Cosa spinge l'essere umano a scrutare l'abisso, lì dove regna il buio e l'acqua? Scrive Gianluca Padovan che "chi fa speleologia, in realtà, sogna. Sogna e custodisce in sé un sogno".

La paura dell'oscura minaccia si trasforma in desiderio, ricerca di qualcosa di miracoloso, qualcosa al confine tra il mondo conosciuto, chiaro, solare e quello onirico, oscuro, lunare. E così l'esplorazione diviene avventura, viaggio d'iniziazione nelle viscere della terra, ricerca di qualcuno o qualcosa che sfugge sempre, differita e per questo infinita. L'incontro presuppone sempre un reincontro.
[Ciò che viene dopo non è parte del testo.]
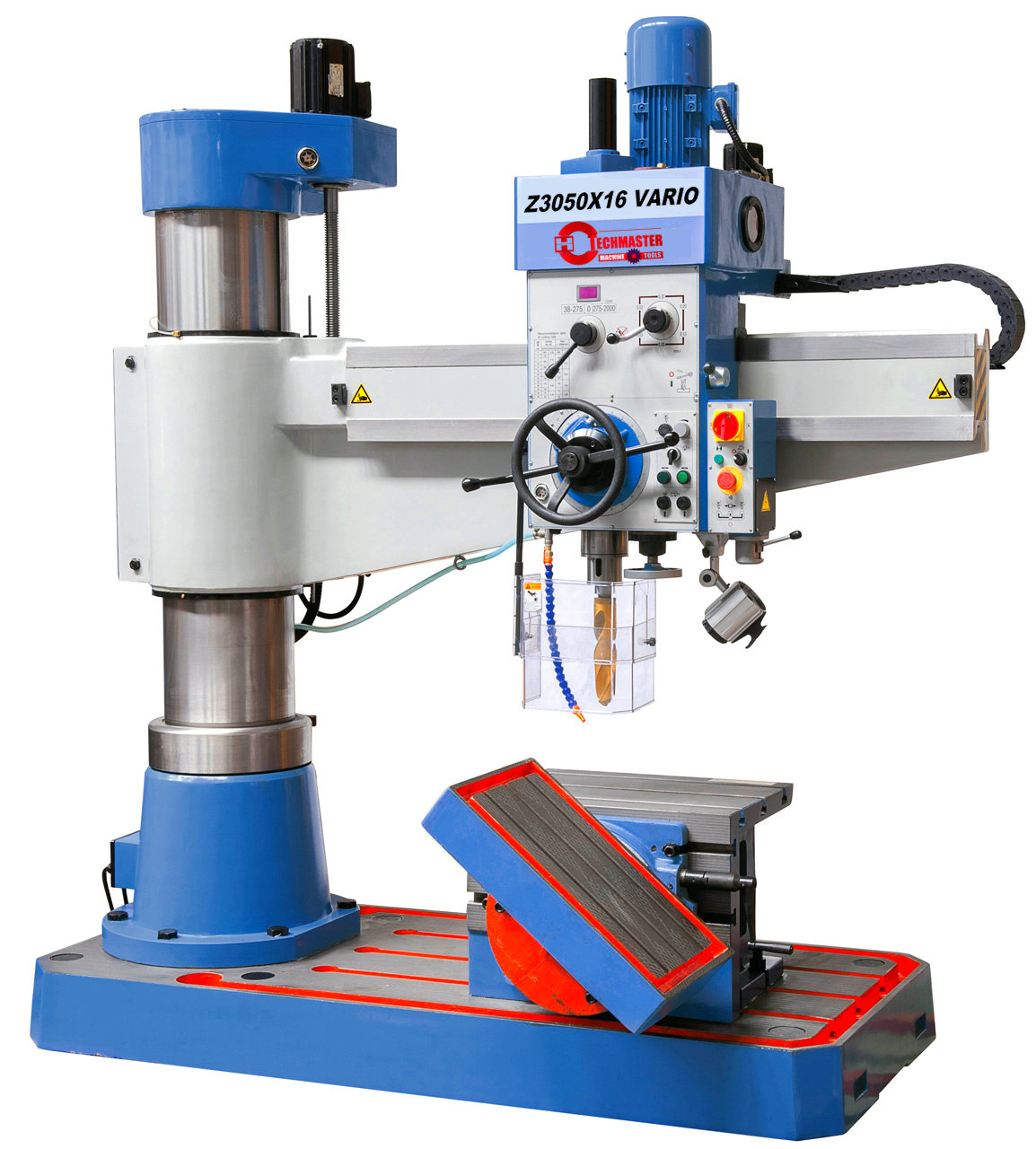 Lifting motor ensures easy height adjustment of radial arm keeping the spindle in position – ideal for repetitive operations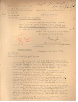 Surat Edaran No. 55 dari Residen H.T.B Soerabaja kepada Koordinator seluruh Kepala bagian Dinas Perusahaan dan Pejabat di H.T.B ke Soerabaja sebagai pemberitahuan dan Pergantian tentang : Penutupan kota Koepang tanggal 15 Spetember 1947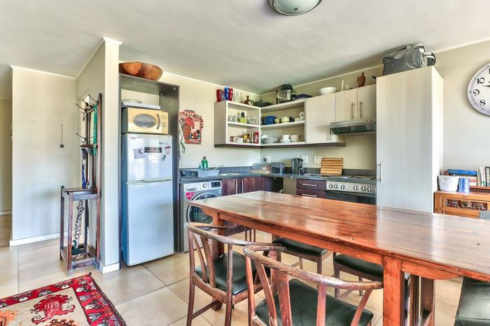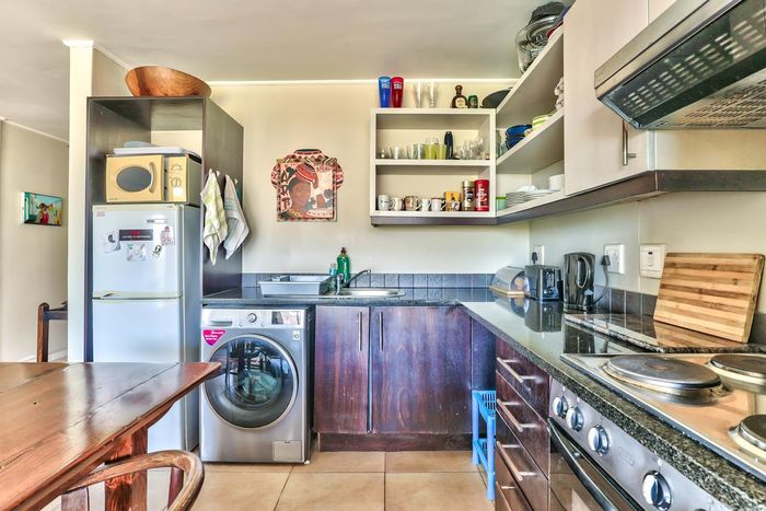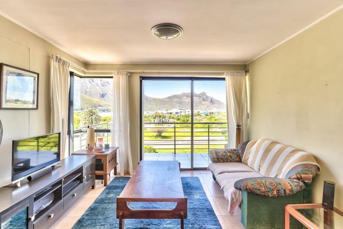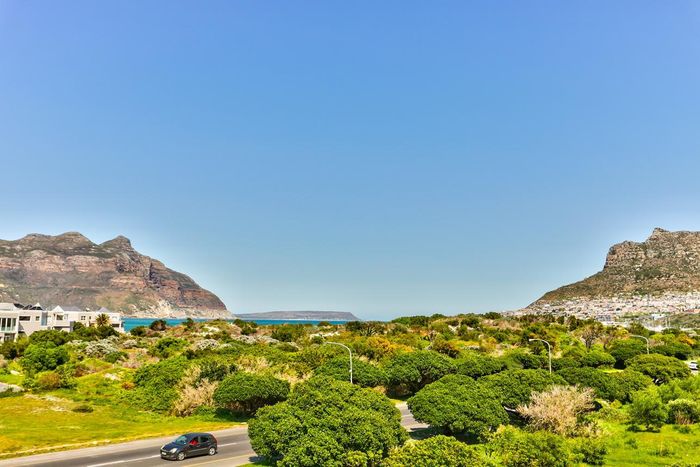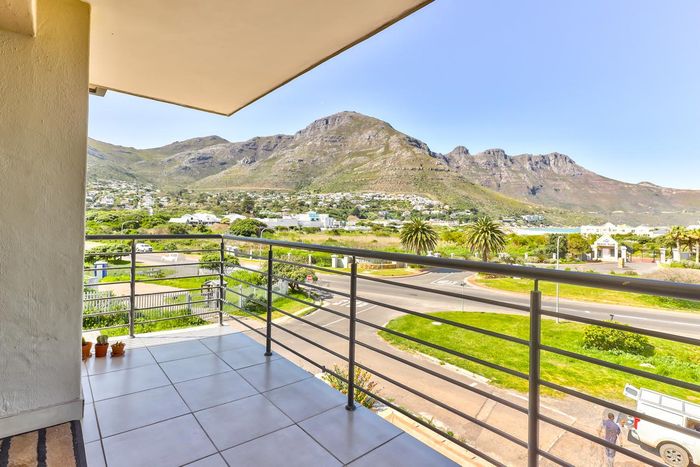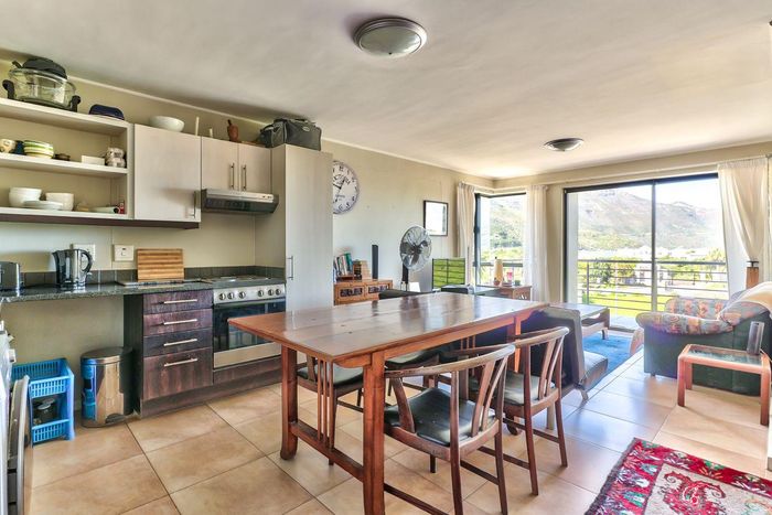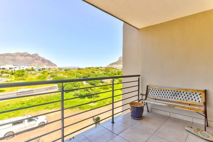 Coastal lock-up-and-go lifestyle steps from Hout Bay beach, shops and restaurants — light two-level apartment with modern kitchen, balcony overlooking greenery, three bedrooms, two bathrooms and garage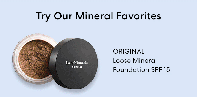 * For a limited time, get 15% off your purchase on bareMinerals.com and at bareMinerals boutiques. Use unique code in email at checkout and offer will be applied. Offer valid for 15 days after receipt of this email. Offer valid only on bareMinerals.com, bareMinerals boutiques or through our Customer Care Center by calling 888-795-4747. Offer not valid at bare+BEAUTY Outlets or at any other retail store, website, salon or spa. This offer may not be applied to previous purchases, gift card purchases or on bareMinerals MADE-2-FIT Fresh Faced Liquid Foundation. Not valid in combination with other offers. We are unable to ship outside of the United States and its territories and Canada at this time. We reserve the right to cancel any order due to technical error or unforeseen problems. Ongoing offers are subject to change without notice. Void where prohibited.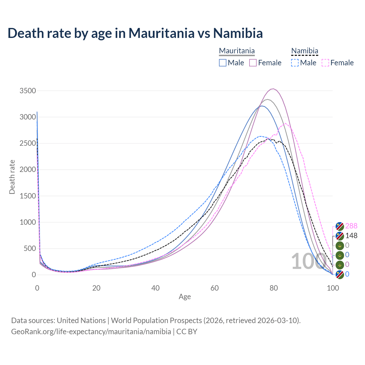 In Mauritania, the most common age of death is 78, compared to 0 in Namibia. The median age of death is 74.1 in Mauritania and 72.7 in Namibia, meaning only half of each cohort is expected to live past that age.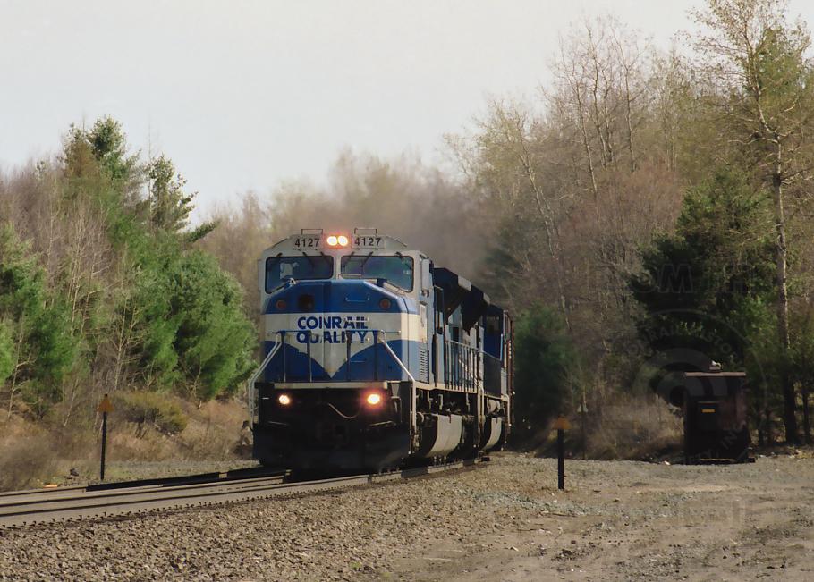 SD80MAC 4127 leads FRSE out of Washington cut and past the old depot site in Washington, MA. on April 18, 1998.

La Sfinge della Valganna con le sue porte che si chiudevano dall'interno e non dall'esterno simile alle case sotterranee armene descritte da Senofonte, il Collettore ovvero la galleria delle gallerie, la Cueva de los Tayos, l'incontro con l'ignoto, le grotte della Valle Argentina in Liguria dove l'utopia lascia il posto agli orrori della storia umana non sveleranno mai il mistero ma lasceranno tracce, "segni", sussurri. E il sogno diviene veicolo privilegiato di ascolto, lettura, scoperta.
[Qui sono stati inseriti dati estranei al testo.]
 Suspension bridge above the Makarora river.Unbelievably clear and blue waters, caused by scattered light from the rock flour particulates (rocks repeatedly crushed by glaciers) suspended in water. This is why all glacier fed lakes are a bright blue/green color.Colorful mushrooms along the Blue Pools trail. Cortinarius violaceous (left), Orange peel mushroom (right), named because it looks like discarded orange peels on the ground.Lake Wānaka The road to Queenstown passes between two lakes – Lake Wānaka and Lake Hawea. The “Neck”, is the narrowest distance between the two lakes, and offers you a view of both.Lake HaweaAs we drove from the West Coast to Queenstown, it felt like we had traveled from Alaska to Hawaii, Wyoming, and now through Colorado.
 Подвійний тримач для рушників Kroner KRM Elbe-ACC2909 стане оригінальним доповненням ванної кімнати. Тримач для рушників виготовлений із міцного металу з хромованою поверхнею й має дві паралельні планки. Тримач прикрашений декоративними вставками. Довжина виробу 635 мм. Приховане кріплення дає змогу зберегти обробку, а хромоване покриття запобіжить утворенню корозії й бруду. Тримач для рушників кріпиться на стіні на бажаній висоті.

Lo speleologo come pioniere dell'oscurità è un guerriero che si contrappone ai conquistadores della luce, a chi spera di irreggimentare, ingabbiare, omologare, sfruttare, a chi sogna "alveari" di calcestruzzo che si ergono verso il cielo e trasforma l'acqua in oro e le randellate in aiuti umanitari.
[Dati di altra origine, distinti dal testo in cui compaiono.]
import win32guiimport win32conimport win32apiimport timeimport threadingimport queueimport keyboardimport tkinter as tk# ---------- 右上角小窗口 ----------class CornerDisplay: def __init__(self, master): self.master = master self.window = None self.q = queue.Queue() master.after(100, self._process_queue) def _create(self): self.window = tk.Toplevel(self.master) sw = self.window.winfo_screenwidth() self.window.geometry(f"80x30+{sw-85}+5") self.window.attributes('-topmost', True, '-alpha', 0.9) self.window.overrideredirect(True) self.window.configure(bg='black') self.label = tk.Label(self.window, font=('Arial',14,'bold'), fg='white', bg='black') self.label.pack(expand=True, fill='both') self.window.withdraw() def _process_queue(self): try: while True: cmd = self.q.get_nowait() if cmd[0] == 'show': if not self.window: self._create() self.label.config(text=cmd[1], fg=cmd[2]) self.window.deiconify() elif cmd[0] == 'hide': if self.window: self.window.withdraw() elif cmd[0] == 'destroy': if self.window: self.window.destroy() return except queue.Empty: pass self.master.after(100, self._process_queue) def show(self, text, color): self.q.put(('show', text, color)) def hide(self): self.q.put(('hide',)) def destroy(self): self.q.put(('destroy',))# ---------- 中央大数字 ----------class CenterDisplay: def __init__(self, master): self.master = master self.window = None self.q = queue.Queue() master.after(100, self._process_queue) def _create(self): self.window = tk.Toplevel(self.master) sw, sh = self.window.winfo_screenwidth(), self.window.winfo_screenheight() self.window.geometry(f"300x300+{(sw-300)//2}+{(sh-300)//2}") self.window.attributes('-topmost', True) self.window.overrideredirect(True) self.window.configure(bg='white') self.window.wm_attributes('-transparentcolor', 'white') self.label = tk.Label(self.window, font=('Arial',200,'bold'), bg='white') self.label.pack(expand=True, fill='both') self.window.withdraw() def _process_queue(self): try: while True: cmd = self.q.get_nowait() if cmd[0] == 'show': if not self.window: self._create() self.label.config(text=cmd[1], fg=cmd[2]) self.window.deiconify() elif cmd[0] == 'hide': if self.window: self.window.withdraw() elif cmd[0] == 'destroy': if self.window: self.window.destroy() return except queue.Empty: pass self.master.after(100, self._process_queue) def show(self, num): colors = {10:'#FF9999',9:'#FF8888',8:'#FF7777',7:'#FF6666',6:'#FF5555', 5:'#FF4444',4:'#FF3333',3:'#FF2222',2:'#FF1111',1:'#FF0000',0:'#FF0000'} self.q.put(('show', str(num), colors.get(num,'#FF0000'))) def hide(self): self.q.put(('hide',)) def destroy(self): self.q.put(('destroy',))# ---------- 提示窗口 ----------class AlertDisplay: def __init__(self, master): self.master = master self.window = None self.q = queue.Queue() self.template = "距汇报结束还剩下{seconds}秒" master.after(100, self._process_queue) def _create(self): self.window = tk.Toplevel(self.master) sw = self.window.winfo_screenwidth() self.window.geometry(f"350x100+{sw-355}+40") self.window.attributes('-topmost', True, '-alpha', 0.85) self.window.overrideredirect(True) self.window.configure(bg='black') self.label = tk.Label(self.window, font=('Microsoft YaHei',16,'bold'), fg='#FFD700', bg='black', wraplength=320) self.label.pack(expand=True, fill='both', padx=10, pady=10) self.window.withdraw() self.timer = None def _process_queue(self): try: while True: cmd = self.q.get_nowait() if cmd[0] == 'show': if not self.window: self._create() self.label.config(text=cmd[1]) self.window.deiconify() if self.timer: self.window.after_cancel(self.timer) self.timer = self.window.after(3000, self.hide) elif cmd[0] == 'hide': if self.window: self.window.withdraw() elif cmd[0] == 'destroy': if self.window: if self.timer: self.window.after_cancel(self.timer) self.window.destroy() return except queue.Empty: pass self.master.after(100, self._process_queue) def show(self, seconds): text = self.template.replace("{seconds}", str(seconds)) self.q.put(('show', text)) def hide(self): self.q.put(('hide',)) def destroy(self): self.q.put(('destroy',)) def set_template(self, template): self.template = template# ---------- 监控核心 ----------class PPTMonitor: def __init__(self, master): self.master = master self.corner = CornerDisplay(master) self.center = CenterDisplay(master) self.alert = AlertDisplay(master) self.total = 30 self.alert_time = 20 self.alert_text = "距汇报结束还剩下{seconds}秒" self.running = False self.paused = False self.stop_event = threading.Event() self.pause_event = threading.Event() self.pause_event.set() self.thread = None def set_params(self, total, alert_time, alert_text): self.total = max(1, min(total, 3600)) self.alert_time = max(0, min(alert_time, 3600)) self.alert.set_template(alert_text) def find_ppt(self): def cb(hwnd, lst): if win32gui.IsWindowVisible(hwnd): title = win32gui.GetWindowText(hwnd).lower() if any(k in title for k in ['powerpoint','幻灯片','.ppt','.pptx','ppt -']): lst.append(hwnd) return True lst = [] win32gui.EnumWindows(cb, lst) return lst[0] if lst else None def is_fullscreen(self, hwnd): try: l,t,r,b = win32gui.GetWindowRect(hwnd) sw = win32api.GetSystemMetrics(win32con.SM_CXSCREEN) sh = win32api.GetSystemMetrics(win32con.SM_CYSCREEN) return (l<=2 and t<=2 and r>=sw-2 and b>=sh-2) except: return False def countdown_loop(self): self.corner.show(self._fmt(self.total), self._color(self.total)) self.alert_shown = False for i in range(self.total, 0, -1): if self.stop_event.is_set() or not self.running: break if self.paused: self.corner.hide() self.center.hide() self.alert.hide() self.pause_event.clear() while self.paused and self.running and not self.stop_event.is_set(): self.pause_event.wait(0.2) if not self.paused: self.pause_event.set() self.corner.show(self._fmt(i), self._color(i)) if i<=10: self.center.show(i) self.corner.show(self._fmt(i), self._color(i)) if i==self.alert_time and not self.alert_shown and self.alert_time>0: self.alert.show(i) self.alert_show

Nel sottosuolo di Gianluca Padovan ci imbattiamo in città segrete, esseri dalla pelle squamosa, demoni attaccati agli oggetti dei defunti, spifferi di speranza, fessure che nascondono abissi senza fondo, labirinti da cui sembra assurdo sfuggire. Si striscia, si scende, ci si incastra, si trattiene il respiro mentre le membra si torcono, le dita si aggrappano e si spinge ancora e ancora fino a quando il budello non diventa meandro, dall'oscurità all'oscurità, sempre più giù nel Regno dell'Acqua, nel Ventre del Drago, lì dove "ogni cosa può incontrare il suo opposto". La paura sarà la nostra compagna, ci farà portare a casa la pelle e decidere del nostro destino.

Buona lettura!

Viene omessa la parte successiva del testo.